If we take a leisurely stroll down the calle de les Carolines in Gràcia, we will suddenly find ourselves looking up at Casa Vicens and its multitude of ceramic tiles, colors, turrets, and arches. At first glance, it isn’t a building that our untrained eyes would be likely to associate directly with Antoní Gaudí. Its medley of towers, arched windows, and fanciful shutters immediate transport us to distant, exotic places.

The forms of which Casa Vicens is composed are very different from those we are accustomed to seeing in other buildings designed by Gaudí. Casa Vicens is considered to be example of what is referred to among the various stages of Antoní Gaudí’s architectural career as his orientalist period (1883-1888).

While a student at the Escola Provincial d’Arquitectura de Barcelona, Gaudí had the opportunity to view and study prints, photographs, and treatises on ornamentation, the architectural language of buildings and other structures in Egypt, Morocco, and India, and the Islamic architecture of the Iberian Peninsula—particularly the exemplars found in Cordoba, Granada, and Seville. The roof lanterns, skylights, and minarets, as well as the profusion of ceramic and ornamental features typical of the architecture of these foreign countries, formed part of the architectural vocabulary Gaudí absorbed during his studies.

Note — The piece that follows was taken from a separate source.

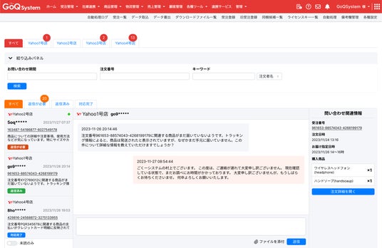 株式会社GoQSystem(本社:東京都中央区、代表:藤本 卓治)が開発・提供する通販一元管理システム『GoQSystem』は、新機能である「お問い合わせ管理」のβ版を2023年12月26日(火)よりリリースいたします。「お問い合わせ管理」とは、Yahoo!ショッピングなど各モールに寄せられるお客様からのお問い合わせをGoQSystem内で確認し、回答できるようにする機能です。また、本機能ではただお問い合わせに回答するばかりでなく、お問い合わせしたお客様の注文情報を即座に表示させることも可能です。そのため、長い時間を要した確認作業の時間を大幅に削減することができます。本機能は、有料オプションである「APIオプション」をご契約中の店舗様のみ無料でご利用いただけます。オプション未契約の店舗様であっても、20日間無料でお試ししていただくことが可能です。多忙極まる年末年始の商戦で、お客様からのお問い合わせ対応に負担を感じている店舗様は、ぜひ本機能をご活用ください。お問い合わせはこちら

The School of Architecture’s collection of photographs by Jean Laurent, which Gaudí had access to and according to his notebook studied in detail, attest to his familiarity with these sources of knowledge. If we compare one of Jean Laurent’s archive images

to aspects of Casa Vicens, such as the facade, we can quickly detect the influence of oriental architecture, above all in the towers and turrets situated on the various corners of the roof.

Gaudí drew inspiration from exotic schools of architecture in order to create an environment that would whisk his client Manel Vicens i Montaner off to a distant world that offered an atmosphere completely distinct from that of late nineteenth-century Barcelona.

Although the oriental influence is the most evident in Casa Vicens, we can not forget the classical influence that we find in the floor of different rooms of the Casa Vicens, with a Roman-style mosaic flooring of opus tessellatum (Greek and Roman composition made by incrusting tesserae, small pieces of stone or ceramic) that Gaudí used again in later works.


[1] Gaudí made copious annotations concerning Jean Laurent’s photographs in a notebook referred as Manuscrit de Reus now housed in the Museu Salvador Vilaseca, Reus.